Aerospace, Aeronautical, and Astronautical/Space Engineering graduates from University of Arizona earn $86,529 median salary — below the national average for this program. Median debt: $23,000.
Aerospace, Aeronautical, and Astronautical/Space Engineering at University of Arizona
Tucson, Arizona • Bachelor's
What the IPEDS & College Scorecard Data Shows for Aerospace, Aeronautical, and Astronautical/Space Engineering at University of Arizona
This page combines two federal data products: IPEDS institutional characteristics for University of Arizona and the College Scorecard field-of-study (FOS) file for Aerospace, Aeronautical, and Astronautical/Space Engineering at the bachelor's credential level. The FOS file is keyed by CIP (Classification of Instructional Programs) code, which means earnings and debt figures here reflect only graduates of this specific program — not the school as a whole. IPEDS reports 45 completers in the most recent cohort for this program at University of Arizona, the denominator behind the median earnings figure.
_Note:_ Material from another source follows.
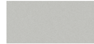
Elemental Silver 53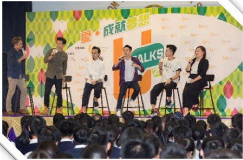
C AllStar as guest speaker at CCC Yenching College

Median graduate earnings of $86,529 represent Treasury-verified wages approximately one year after program completion, drawn from Social Security Administration records linked to federal financial aid applicants. Compared to the national mean of $96,102 across all institutions offering Aerospace, Aeronautical, and Astronautical/Space Engineering, graduates here earn below the national average for this program. Across all programs at University of Arizona, the mean median-earnings figure is $67,364, providing internal context for whether this specific field out-earns other options at the same institution.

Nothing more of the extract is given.